Another name for a Pierrenger agreement is a British Columbia ferry agreement. The only difference between the two is the cases from which they derive their names – Pierringer v. Hoger and British Columbia Ferry Corp. and. al.c. T&N plc And. Al. Essentially, it is the same type of agreement. Specifically, in these types of agreements, a plaintiff agrees with certain defendants and maintains its claim against non-billable defendants for the total damage resulting from the collective fault of the non-billing defendant. Over the years, there has been disagreement as to whether a Pierrenger agreement would extinguish the joint and several liability of defendants who are not entitled to a place of business. This decision appears to close the door to the argument that liability is distinct between other defendants who do not charge when the parties to the resolution enter into an agreement with BC Ferries, unless there are unusual circumstances that give the parties who do not charge the benefit of that agreement. This should give the parties food for thought if they know that other parties are considering agreements with BC Ferries – especially if there are poor parties who remain in the action.

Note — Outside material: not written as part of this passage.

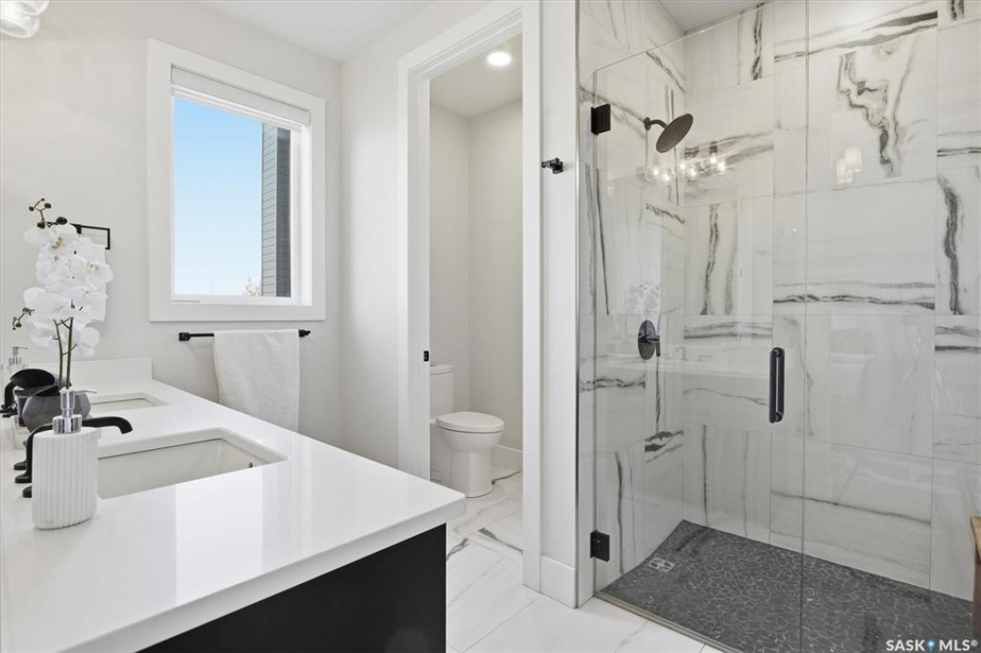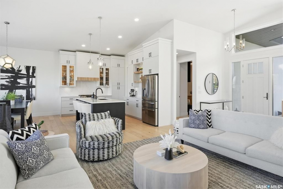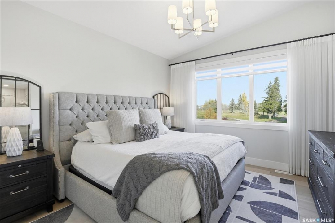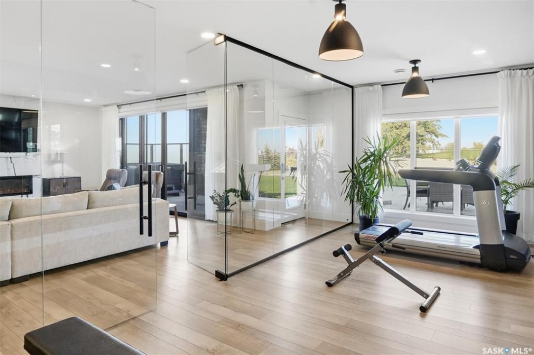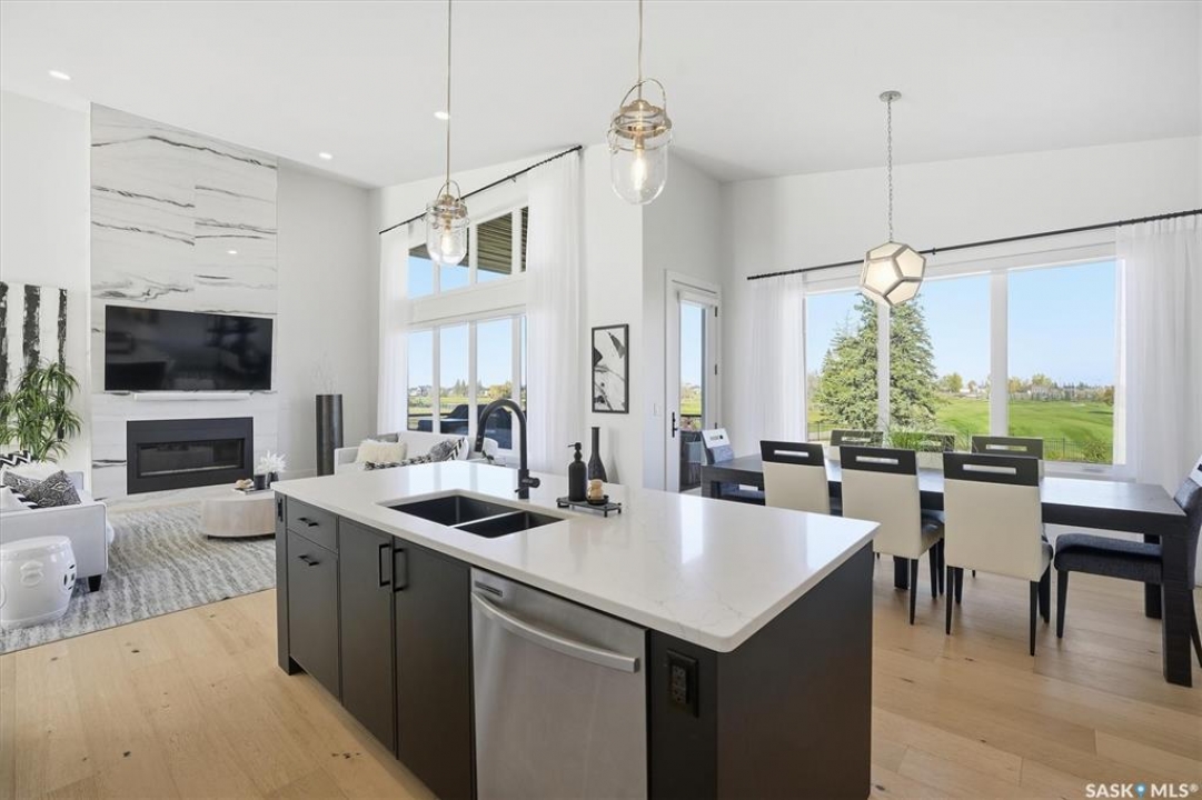 Absolute Stunner! Designer custom D&S Homes walkout bungalow, crafted with precision and showcasing an award-winning floor plan. Offering 1,694 sq' on main plus a fully dev walkout basement, this 4-bed, 3 bath home is set on an expansive 17,000 sq ft lot backing the Greenbryre Golf Course — with no neighbouring homes in sight, only serene views of the course, a landscaped side buffer and open prairie fields. The entry opens into a breathtaking, light-filled great room with ultra-high soaring ceilings and a dramatic feature fireplace. The open-concept living, kitchen, and dining area is an entertainer's dream, wrapped in oversized windows overlooking the course. The chef's kitchen features soft-toned lacquer cabinetry with double-height uppers, quartz counters, full-height quartz backsplash, 5-burner gas range, walk thru pantry, a coffee bar, and a massive central island. The connected dining area is spacious enough for large gatherings and opens to a private covered deck for seamless indoor-outdoor entertaining.The main floor also includes a large boot room, a bright office, outfitted laundry room, and a luxurious primary suite complete with a fully tiled spa-style ensuite, walk-in shower, dual vanity, and walk-in. A striking custom staircase leads to the fully dev walkout level, which mirrors the quality of the main floor. This level offers a sprawling family room with a 2nd fireplace, floor to ceiling windows overlooking the show-stopping backyard, a wet bar with wine storage and seating area, and a dramatic full height glass-walled gym. 2 large bedrooms and a full bathroom complete this level. Additional highlights: • Professionally landscaped grounds • Heated double garage • Zoned in-floor boiler plus forced-air furnace • Instant hot water • Central air • Wired for a hot tub • Underground sprinklers, oversized concrete drive A tasteful masterpiece in design and function — this Greenbryre walkout is spectacular in every detail.

While a party that does not invoice is not responsible for paying the portion of the loss that is ultimately attributable to the settlement parties, it may be liable for paying the lion`s share of a price if the other parties that do not charge are able to pay. The court concluded that the plaintiff can claim from any of the unsolved defendants on a joint and several basis and assert claims for contributions and compensation between them. A British Columbia ferry contract extinguishes the joint liability between the parties to the billing as a group and the defendants not entitled to an establishment as a group. The court noted that this was mentioned in the relevant sentence of the settlement agreements, which provides that the plaintiff limits his claim “to the different levels of responsibility of the remaining defendant.” Moreover, irrespective of the correct interpretation of that sentence, Greyback has not demonstrated that it can rely on the settlement agreements. The fundamental exception to privacy allows a person who is not a party to the contract to avail himself of an advantage granted to him where the contracting parties intending to grant an advantage to that person and the activities he carries out fall within the scope of the treaty. The court found no indication that the plaintiff and the settlement defendants intended to grant a benefit to Greyback or to the defendants who were not entitled to a place of business. Most parties to an ongoing dispute want to reach an agreement before the trial. To reach a successful agreement, the development of a binding and reliable settlement agreement is of paramount importance. The plaintiff entered into two BC Ferries settlement agreements with some of the defendants and a third party (the “Settlement Agreements”). As provided for in the settlement agreements, the plaintiff amended its notice of civil action to expressly waive its right to recover any part of the loss ultimately attributable to the fault of one of the parties to the settlement for which a non-colonizing party could claim a contribution or compensation. Prior to the trial, Conarroe reached an agreement with the province and JPW on a BC Ferries settlement agreement and the filing of dismissal orders.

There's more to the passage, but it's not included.